Basically, the game told me in multiple ways within the same twenty minute period that it didn’t like the way I wanted to play, and I realized that I was fed up with it.  Fallout 4 is a beautiful game with tons of lovely environments to wander through, but it never lets you forget that it’s a shooter.  Everyone you meet is a potential threat, and most of the time it’s just easier to kill them from a distance and spare yourself the trouble.  Even when you run across someone with a green name in the wasteland, your options for interaction are woefully limited (choose between being pleasant, angry, snarky, or curious and have the character react the same way no matter what!) so it’s never a significantly more interesting engagement than just having a firefight anyway.

Now, if you want a diversion from going to places and killing people, the game does offer settlement development as an activity that you can do, though in order to make any real headway, you’ll still need to explore the wasteland and kill people so you can gather the necessary junk to turn into furniture and upgrades for your settlements.  When I first started up the game, I probably spent about five hours just fiddling with Sanctuary Hills, the starter settlement that the game uses to teach you about the basics of the management mechanic, and it was mildly satisfying, though when I finished the tutorial questline, there wasn’t any really big reward offered.  I got a pat on the back by the NPCs for making their lives marginally less miserable and was shuffled over to the Minutemen quests, which I eventually learned involve a literally endless series of quests built around (you guessed it!) going to the place, killing the people, getting the thing, and leaving the place.  Yeah, each successful quest rewarded me with a new settlement that I could play with, but after a while it just got to be too much, since you have to mule your own junk to new settlements to build stuff (I spent a lot of levels building up my charisma just so I could get the perk that lets you build supply lines between settlements so I wouldn’t have to do this; however many hours later, I still don’t know how this mechanic works because the game can’t be bothered to explain it).  Essentially, while the early game goes out of its way to let you know there’s this cool new feature in the game, it’s never integrated in a way that feels meaningful to what the rest of the game is about.  The one nominally nonviolent aspect of Fallout 4, as much as I wanted to like it, strikes me as a failure.

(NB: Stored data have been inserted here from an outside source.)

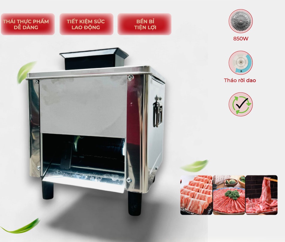 Máy này sử dụng lưỡi dao hình tròn để thái thịt được thả từ trên xuống, cho phép xử lý đa dạng loại thịt như thịt bò, thịt lợn, thịt dê và một số loại rau củ. Lưỡi dao được sắp xếp xen kẽ cố định để đảm bảo lát cắt đều và không bị kẹt thịt.
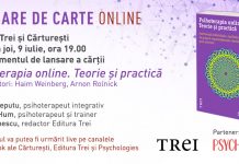 Editura Trei și Cărturești vă așteaptă online, joi, 9 iulie, ora 19.00, la evenimentul de lansare a cărții Psihoterapia online. Teorie și practică -...
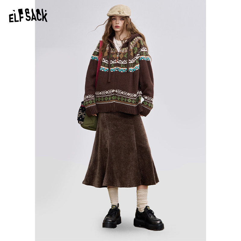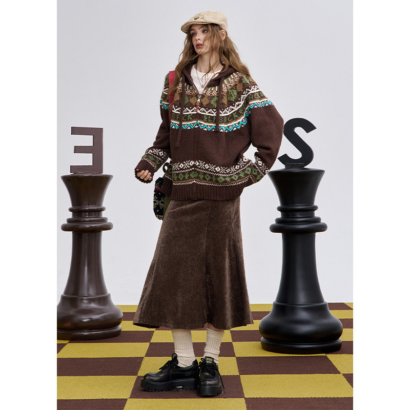 BANANA BABY2025年秋冬新款提花针织女日系碎花雪纺长款半身裙
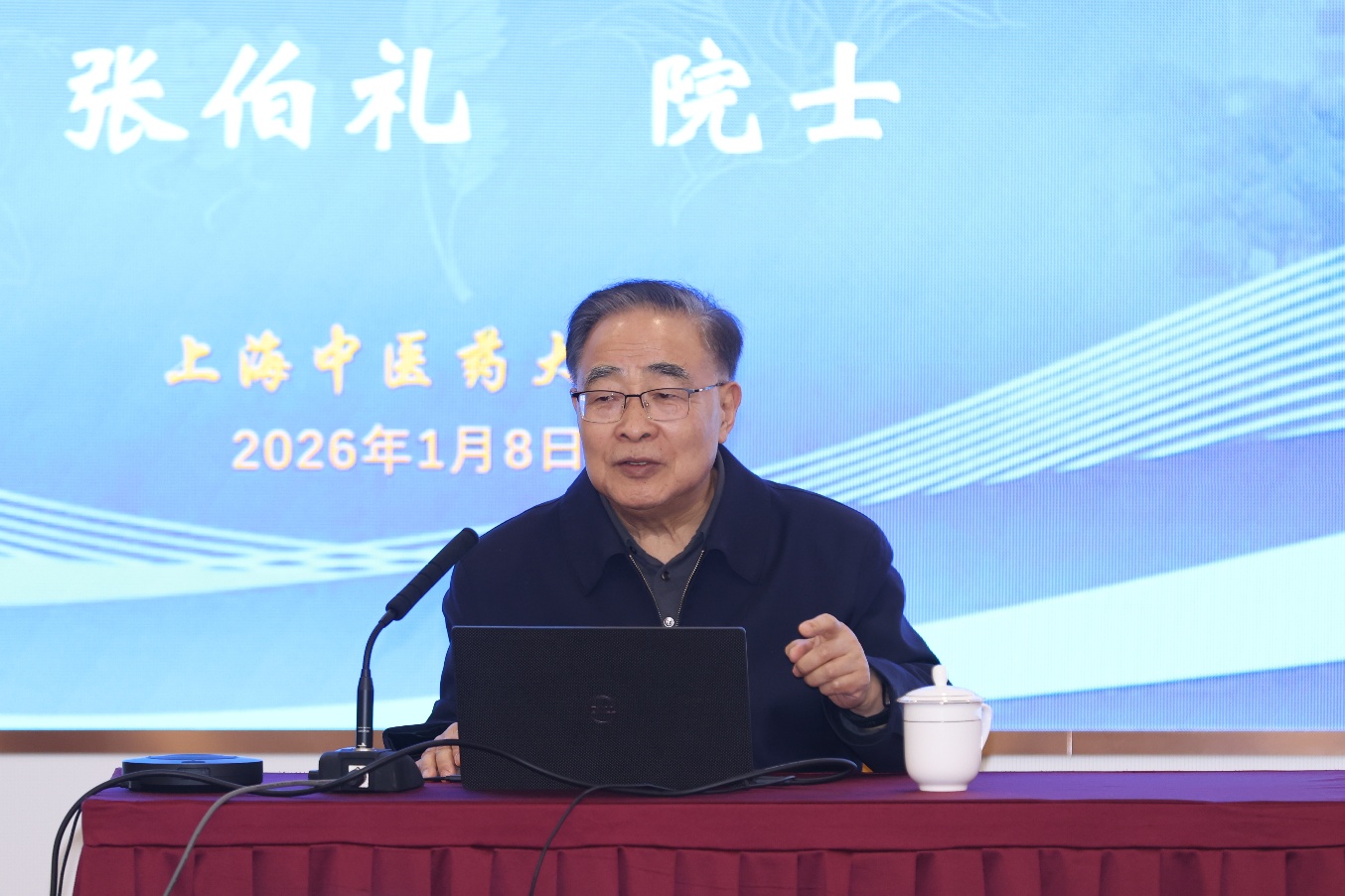 1月8日下午,beat365官方网站“问道学堂”院士大讲堂在中医药国际标准化研究中心辅楼101会议室举行。本期讲堂特邀中国工程院院士、国医大师、现代中药创制全国重点实验室主任张伯礼,为全校师生带来主题为“守正创新,推动中医药高质量发展”的学术报告。

Ironically, my disillusionment with Fallout 4 comes right when it’s gathering its accolades from the gaming industry.  At the DICE Awards Fallout 4 walked away with Game of the Year, Role-Playing / Massively Multiplayer Game of the Year (serious what the hell moment on that; why would anyone lump RPGs and MMOs in the same category?), and Outstanding Achievement in Game Direction.  In a lot of ways, I feel like the game’s getting rewarded for being part of a series with a good pedigree rather than actually being a distinguished game in its own right, and while I don’t typically care about game industry awards (there are usually too many different outlets giving awards for any of them to be meaningful as markers of excellence), this particular instance highlights for me a growing feeling of disconnection from the tastes of mainstream developers.  Going in, everything about Fallout 4 suggested I would love it.  I’m a long time fan of Bethesda’s sandbox games, and the Fallout series has such a quirky satirical attitude.  Instead, I just got tired of the pattern.  I’ve written before a little bit about my fading interest in games built around a mechanic of violence (as much as I enjoyed BioShock Infinite, I think that game put the last nail in the coffin for my interest in conventional shooters), and it’s becoming increasingly apparent to me that mainstream game development is really infatuated with the shooting mechanic.  Fallout 4 lacks depth as a Western style RPG, but I think that because it features some well-refined shooting mechanics it’s getting more praise than it really deserves.